This project is for Kelvin, an industrial automation company. Some key background info:
- Plunger lifts are used in natural gas wells to increase production.
- Kelvin has sensors on each well that detect gas flow, pressure, vibrations, and other data.
- The Kelvin data science team writes control models that optimize production by controlling plunger cycles.
The Kelvin Application
Before this project began, the Kelvin app was a monitoring and ticketing system for oil and gas. We supported 3 main personas for our clients:
Creates daily reports for ~30 wells based on what he sees in the field
Performs routine well maintenance, adjusts new wells and recommends equipment changes
Cares about identifying issues early
Diagnoses systemic defects for ~300 wells based on analysis of charts & logs
Adjusts valve open/close criteria and recommends equipment changes
Cares about deviation from expected production
Building a Control Platform
We needed to make a pivot in order to scale as a company:
- Monitoring's nice, but clients want automation
- Our existing control models are custom made. We spend a ton of internal resources building and tweaking them.
- We don’t want to be tied to the oil & gas industry
- Eventually, we want to empower clients to manage their own control models. As a first step, we need to make this process easier for our internal team.
This was an ambitious set of goals. The design team's biggest initial questions we had were:
- How do we add immediate value, while moving toward our longterm goal?
- What control models do we have now and what do they actually do?
- What users and use cases should we focus on?
- How does our data team manage models today?
When we started, we didn't know a lot about how control models work on our team. These were our takeaways:
- Control models are independent blocks of code that react when a well is not running optimally. They make changes in response to certain thresholds in our sensor data.
- Thresholds and responses can be tuned according to the needs of individual wells through configurable model parameters.
- Models are semi-automated: when they’re applied to new wells, there is a period of manually tweaking parameters before they can run on their own.
The Target User
Initially we thought the target user was a "member of the data science team." When we dug in we realized that we needed to get more specific than that.
- The data team is comprised of a wide variety of user types with different workflows and areas of expertise.
- Two data team members are former optimizers at energy companies. They have deep domain knowledge but they don't code.
- They find model performance issues and recommend changes. They know what needs to change, but don’t have the tools to make those changes.
Based on this, we decided to focus on those data team members, and defined them as a new persona:
Currently a Kelvin data team member, but a role that we expect clients to have in the future; replaces several optimizers
Has domain expertise and understands the basics of control models; does not code
Diagnoses and adjusts control model parameters; could write simple if-then models from scratch
Cares about control model adaptability
We identifed several key user needs that we could address as part of this project. Super-optimizers want to:
- Enable control models on new wells and tune them to work for new environments, equipment, and client needs.
- Easily see whether a model is performing optimally on a given well, and diagnose issues.
- Give clients transparency into how successfully models are running and what changes are being made.
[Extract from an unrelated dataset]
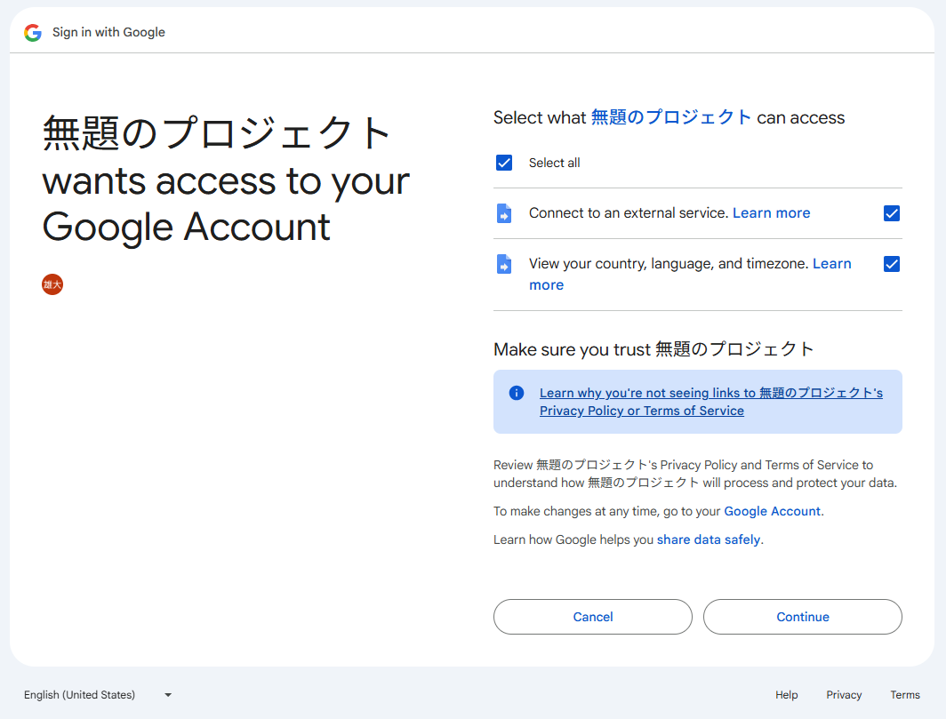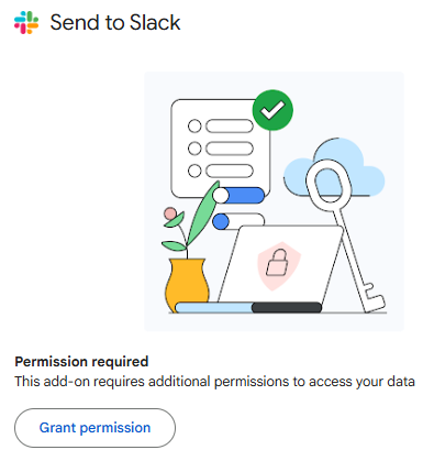 初めてこのStepを設定すると以下のような認証を要求する画面が出てきます。「Grant permission」を選択して認証を順番に実施してください。

I created some diagrams to show how models could fit into our existing application. Though most of this was scoped out for V1, on a high level I wanted to make sure we were setting ourselves up for future iterations.
A big piece of this project was determining what actually needed to be shown and edited for our control models. It was a long process of interviews and information-gathering sessions with the data team to figure out:
- How do users tell if a model is running suboptimally?
- What parameters exist on each model, and how much should we show to users?
- What context do users need to actually change a model parameter?
I wireframed some of these views to illustrate our first draft of functionality and model content. We did around of lightweight feedback from the data team with these and got good feedback on content and language.
Left: control models on a specific well. Right: overview of models for all wells
High Fidelity and More User Testing
I knew that the super-optimizer needed to reference RTU settings to make model parameter changes, so initially I put them at the top of the screen as an expandable gray box. This felt a bit clunky, and when it was collapsed users mistook it for a header.
From feedback on these mockups, I was able to narrow down exactly what information was needed for each model parameter so I could refine this.
Model parameters are shown side by side with performance metrics to help inform the user’s decision.
Editing a model reveals additional context in the form of calculated and current values.
These are the RTU settings that were at the top of the screen in the last mockup
Measures of Success
We recently released this internally and to all clients. It’s still early but we’re hoping to:
- Decrease the time it takes to tune models for new wells
- Give clients transparency into what model changes are being made
- Learn clients’ current level of interest in tuning their own models
As development started, we realized that we needed to think in a more modular way with our layouts to support new models in the future. I worked with the development team to create components that could be built from a JSON file.
As we were rolling this out to production, there was some confusion about what each parameter means. This especially came up in training people who weren't familiar with the models. We added a tooltip component that could be added to the JSON, and I worked with the data team to get the language right.